Evidence to support QS 1 is summarized in Table 3 and described in more detail here.
- Diagnostic delay: COPD diagnosis is often delayed.8,23 Data from the Optimum Patient Care Research Database found that 85% of patients had consulted primary or secondary care for lower respiratory symptoms in the 5 years prior to their diagnosis, and 58% had consulted in the 10 years prior to diagnosis.8 Diagnosing COPD early (feasibly 5–10 years earlier based on UK data)8 in the disease progression is important, since undiagnosed patients have an increased risk of exacerbations and pneumonia, compared to their non-COPD counterparts.24 Use of a targeted approach (focused case-finding methods) using characteristics such as age, smoking history, and respiratory symptoms may help to find these undiagnosed COPD patients.25,26 Physicians are more than seven times more likely to detect undiagnosed COPD in the targeted group (vs a routine care group), translating into one new case identified for every 21 targeted individuals assessed (after risk difference adjustment).26 Undiagnosed patients who present to their health care provider (HCP) form part of the target population for CONQUEST, particularly those with a smoking history, who consult with lower respiratory symptoms, who received medication for lower respiratory illness or who were admitted to hospital or treated in an outpatient setting with respiratory symptoms.
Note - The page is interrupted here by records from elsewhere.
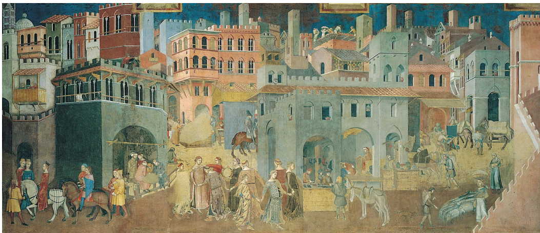
detail from Ambrogio Lorenzetti The Effects of Good Government in the City and in the Country , from a series of frescoes in the Palazzo Pubblico (Siena), 1338-39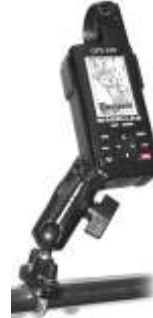
RAM-B-149Z-MA1 RAM U-BOLT MOUNT FOR THE MAGELLAN 12, 300 & 315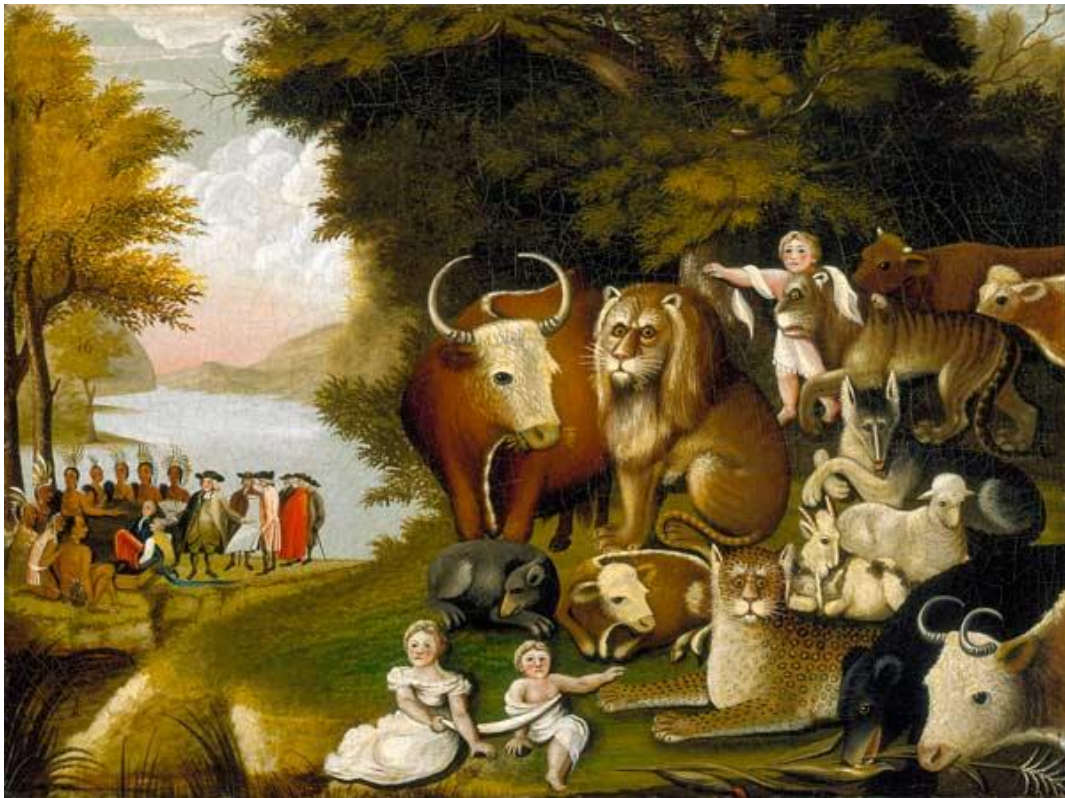
THE PEACEABLE KINGDOM—EDWARD HICKS

The Holy Eucharist with the Blessing of Pets 10:00 am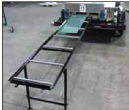
Run Out Table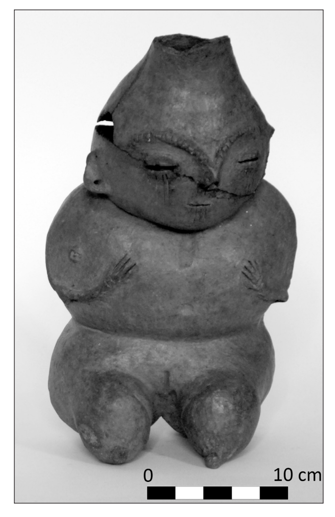
Figure 4. La Candelaria-style anthropomorphic bodypot. (Museo de la Universidad Nacional de Tucumán; photograph, B. Alberti.)

Working with the concept of the 'chronically unstable body' elaborated on the basis of the theories of the northwest Amazon group, the Wari', by Aparecida Vilaça (2005; see Conklin 2001), Alberti (2007) argued that the La Candelaria and San Francisco pots and skeletal material indicated a concern with 'shoring up' the body, preventing its transformation into another body with another point of view. Combining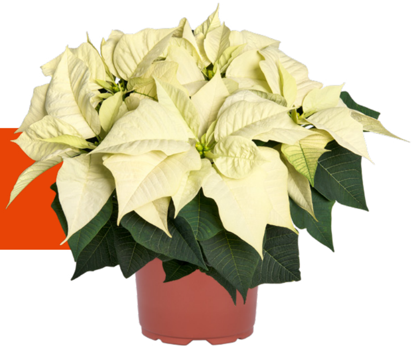
Frozen | 11056 7.5 weeks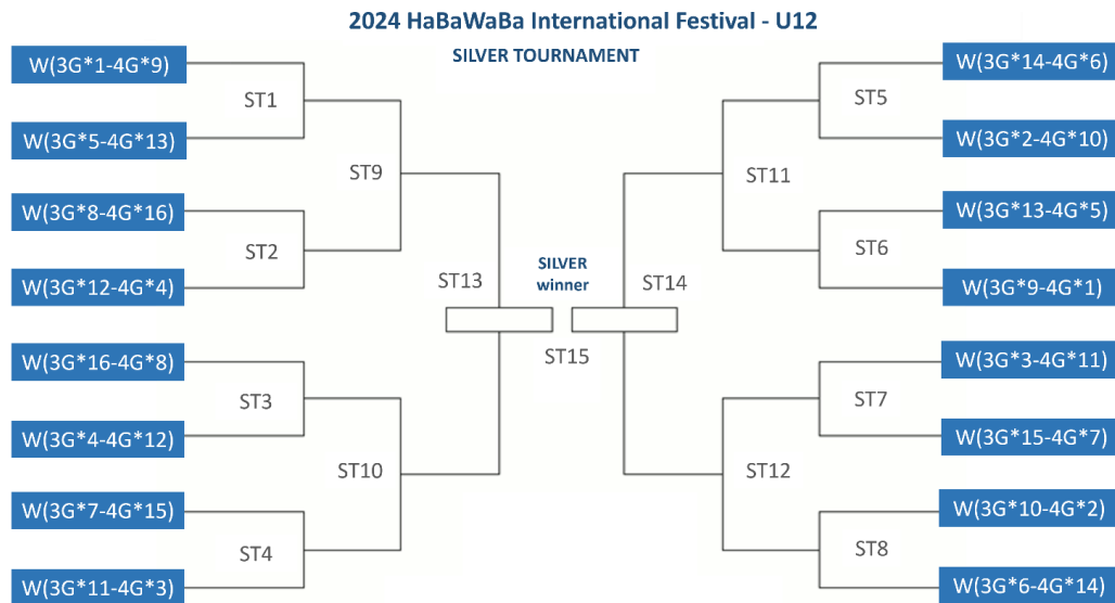
Table 2: U12 SILVER Tournament

At the end of Phase B1, the teams classified 3rd and 4th in groups G1* to G16* advance to the round of 32 of the Silver Tournament (32 teams) as per the following scheme.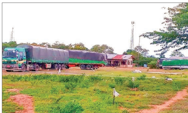
Lorries come from Yangon are seen outside Magway City on 14 September.

Magway Region bans highway buses to fight the COVID-19 resurgences starting from 14 September. However, a temporary truck terminal has been arranged for the movement of trucks and goods carriers from outside of the region.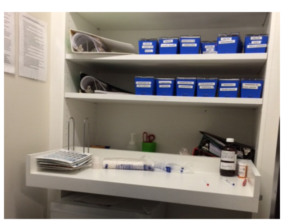
Figure 12: Example of medical supply storage, 3030 Gordon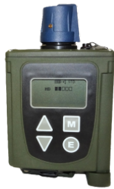
RDS Beta Photon Probe Simulator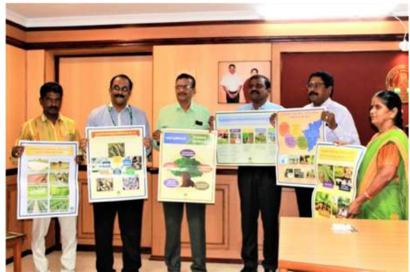
CLIMATE CAMPAIGN LAUNCHED BY THE DISTRICT COLLECTOR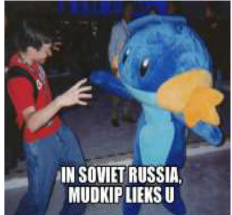
Oh God, the .jpeg artifacts.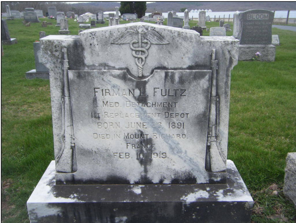
Photograph of a headstone documented at 46-HM-157.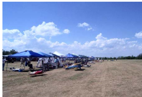
What beautiful weather we had this year!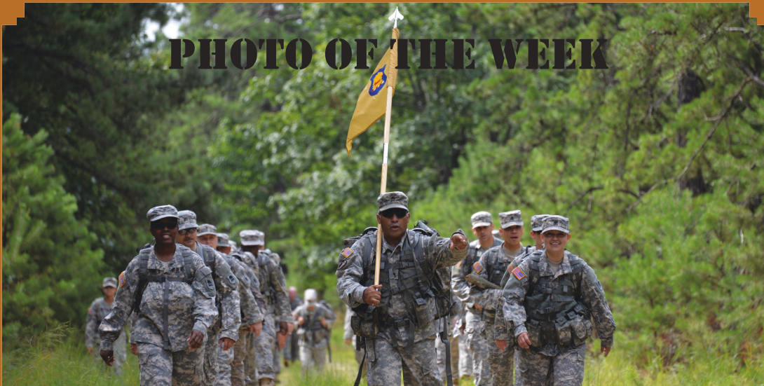
PHOTO OF THE WEEK

Nearly two dozen Soldiers from Joint Force Headquarters participated in a six-mile foot march at Joint Base McGuire-Dix-Lakehurst July 21, which began with an air movement aboard UH-60 Black Hawk Helicopters. The New Jersey National Guard Soldiers carried a minimum load of 25 pounds during the foot march, formerly known a ruck marches. The foot marches are a key component of the Army's revamped fitness program, Physical Readiness Training, which focuses on strength, speed and endurance. Photo by Spc. Bob Neill, 444th MPAD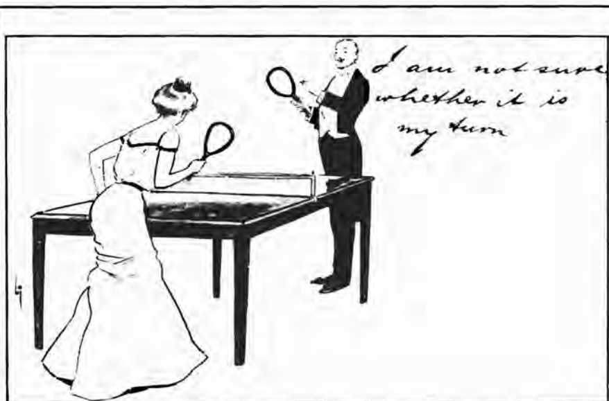
A "write away" postcard, 1902. The message has to be completed by the sender.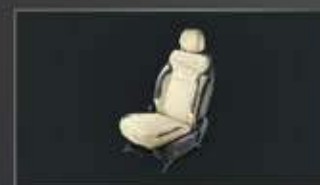
GREIGE & BLACK SC WITH_DET(PRE ) SAB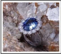
R2639: White Gold: 6.51gr Diamonds: 2.59ct Sapphire: 7.16ct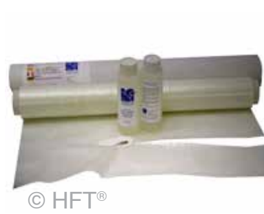
Argweld® Water Soluble Weld Purge Film®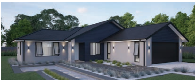
🏠 Style 2: Metal tile gable roof with plaster and Linea cladding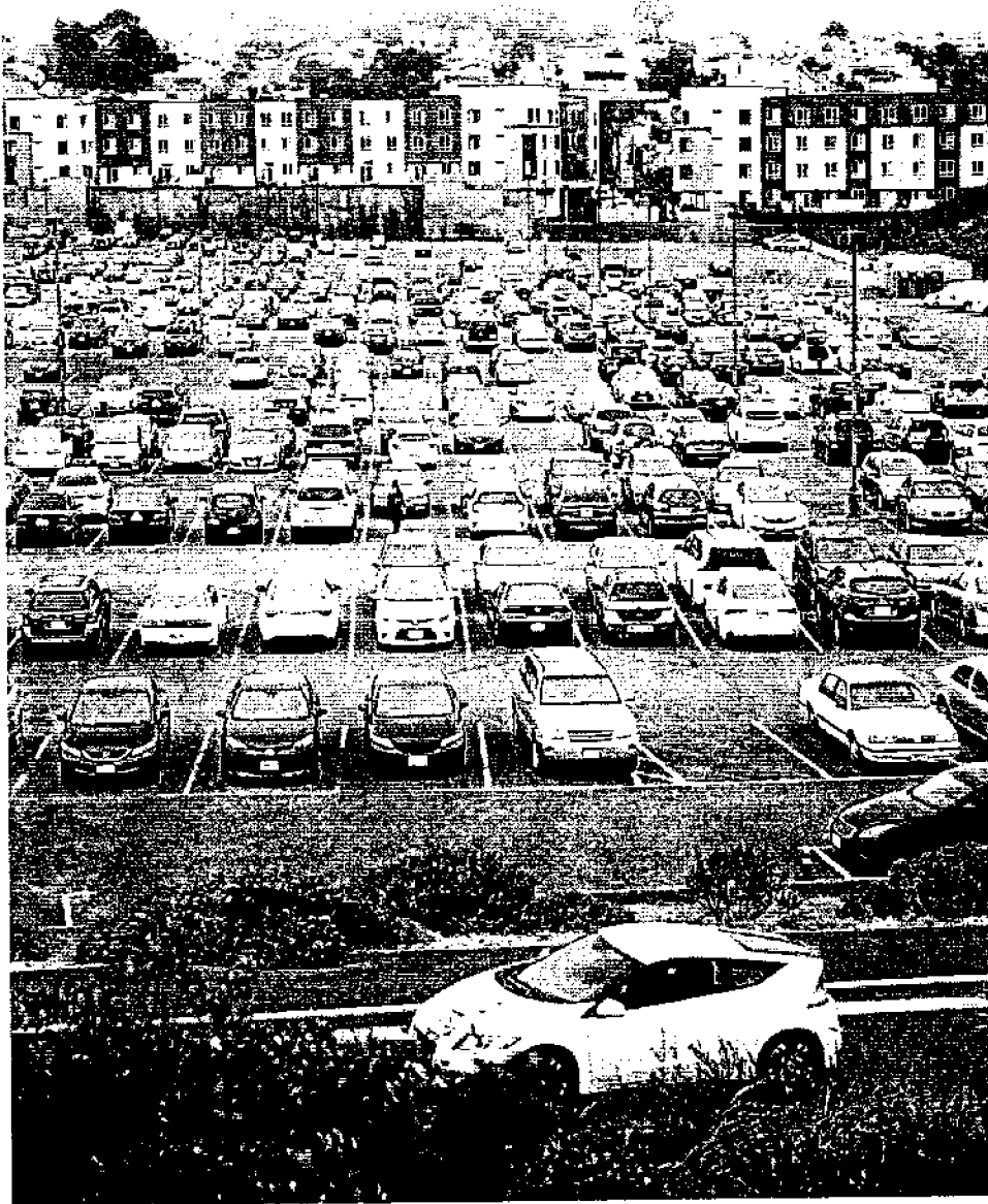
Lower parking lot (Balboa Reservoir) at 11:30.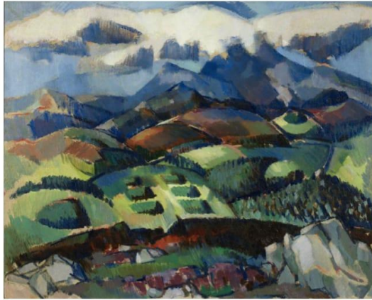
Looking over Killiecrankie. JD Fergusson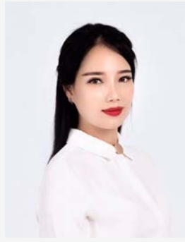
Alien Lin District Club Quality Chair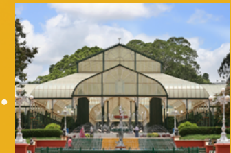
LAL BAGH Dist. from Majestic - 3.3 km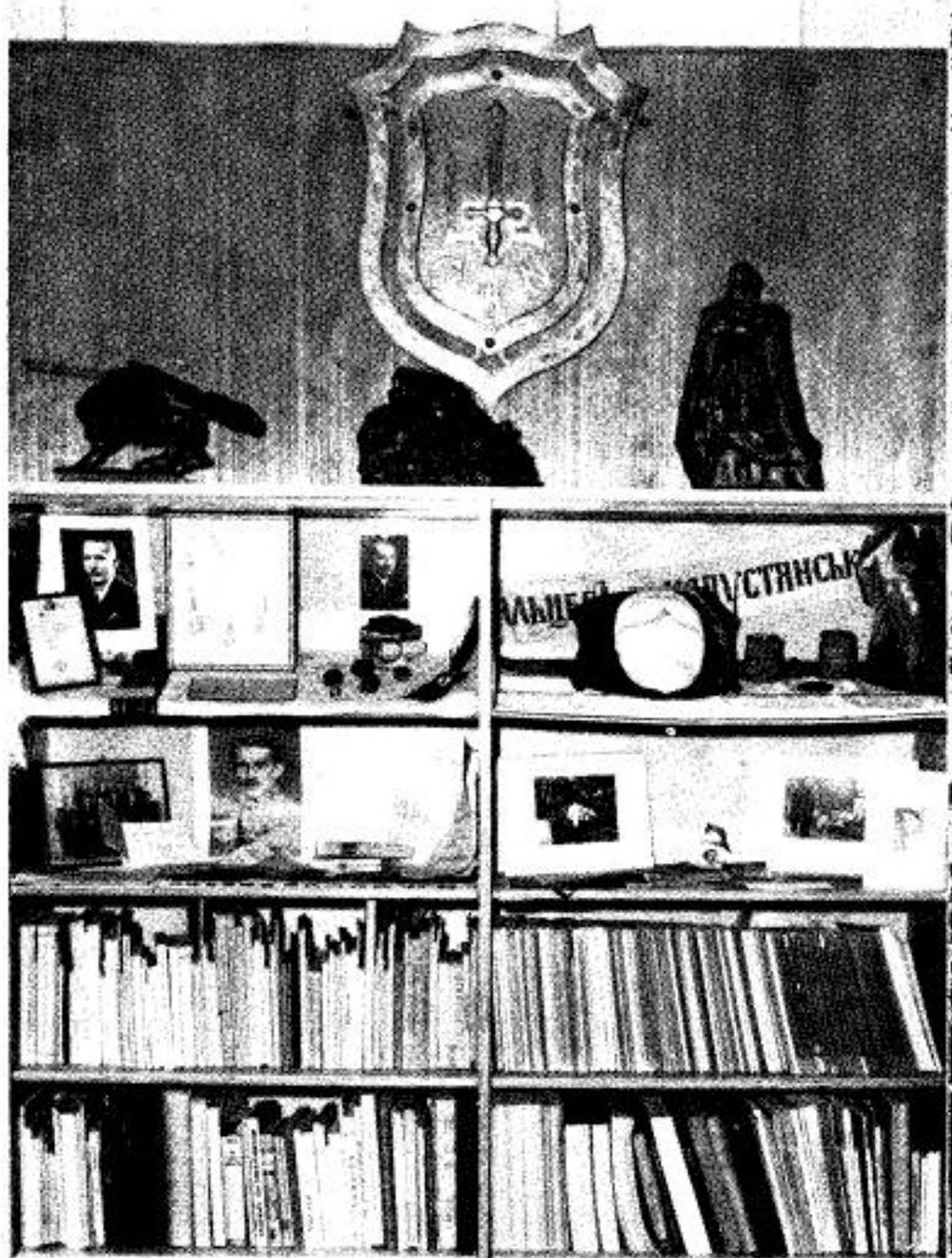
Case with personal articles and library of Col. E. Konovaletz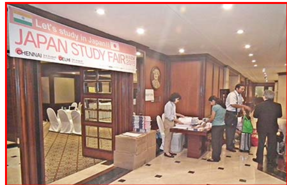
Japan Study Fair in Chennai is in Progress

License Academy, Japan and ABK-AOTS DOSOKAI, Tamilnadu Centre supported by The Embassy of Japan in India & The Consulate –General of Japan in Chennai organized a JAPAN STUDY FAIR IN INDIA on Monday, 3 rd August 2015 between 10:30 a.m. to 4:30 p.m. at Taj Coromandel, Mahatma Gandhi Road, Chennai.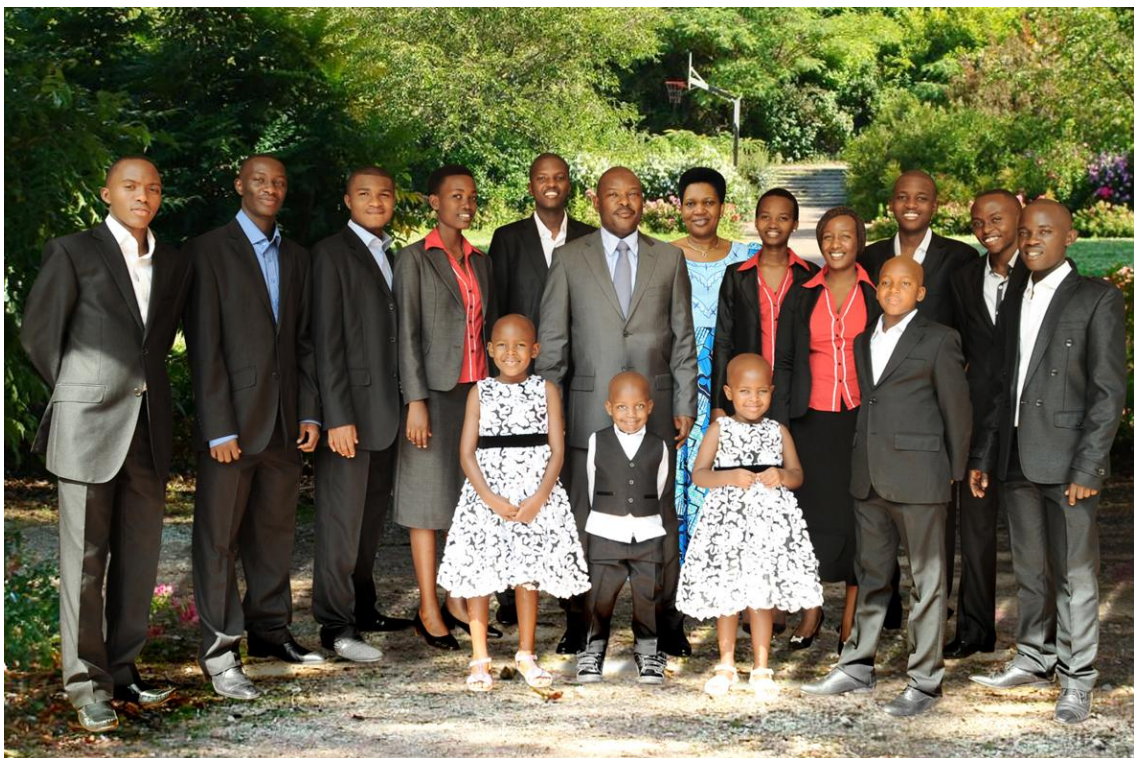
The Presidential Family together with some of the Orphans

BUNTU Foundation is a philanthropic organization. It was created in November 2005 to be legally registered by the Government in December the same year known as Fondation BUNTU (in French). Since the number of orphans and widows was too big, this foundation was established with the aim of assisting as many orphans as possible.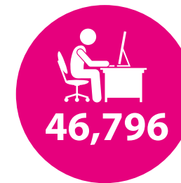
Public Computer Sessions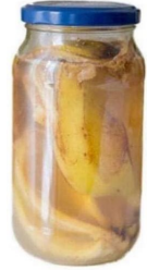
Lets banana peels sit in water for 2 days then uses that water as plant fertilizer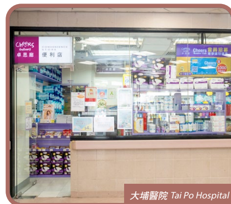
大埔醫院 Tai Po Hospital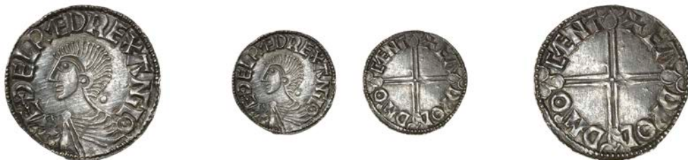
62 Canterbury , Eadweald, EADWOLD M o CÆNT, 1.63g/1h (BEH 150; N 774; S 1151). Nearly extremely fine £300-£400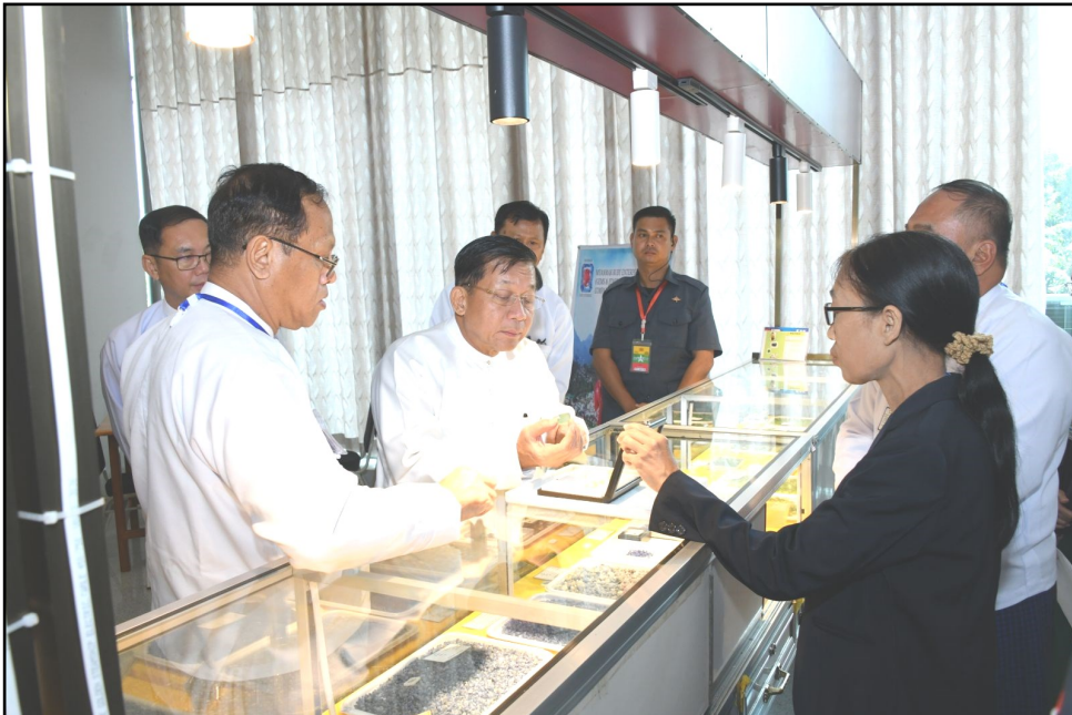
SAC Chairman Prime Minister interestingly observing the jeweler items to be sold in the emporium

- Management optimization: COPD often remains undertreated, with a gap between guideline recommendations and real world practice.9,27,28 Medical and pharmacy claims data in the USA found that >65% of COPD patients were receiving no maintenance therapy,27 whereas in the UK, three quarters of patients with a modified Medical Research Council (mMRC) dyspnea score <2 but ≥2 exacerbations/year were considered under-treated.9 Although patients hospitalized with severe exacerbations usually receive recommended care, once discharged, most patients receive inappropriate support and medications.29
- Exacerbation frequency: Many patients with COPD experience ≥2 exacerbations/year.30 For example, 22% of patients with moderate COPD had frequent exacerbations in the ECLIPSE study.31 Furthermore, real-world data found that COPD patients who had ≥2 lower respiratory prescribing consultations in the 2 years preceding diagnosis were over three times more likely to have ≥2 exacerbations in the year after diagnosis.8 Earlier identification and treatment of patients who frequently exacerbate is likely to protect lung function, reduce CV risk and improve patients’ HRQoL since 1) frequent exacerbations accelerate lung function decline,12,32 2) exacerbations of COPD increase the risk of major adverse CV events,33–36 and 3) frequency of exacerbation is associated with worse HRQoL.37,38 COPD patients with CV disease are four times more likely to have a subsequent CV event if they exacerbate, and 10 times more likely to have a subsequent CV disease (eg, cardiovascular death, myocardial infarction, stroke, unstable angina or transient ischemic attack) if the exacerbation required hospitalization.36
Table 3 COPD Quality Standards and Rationale for Their Inclusion in CONQUEST
Quality Standard 2: Assessment of Disease and Quantification of Future Risk
Perform thorough phenotyping, assessment of underlying biological traits and risk prediction of all patients identified within the target population (Figure 2).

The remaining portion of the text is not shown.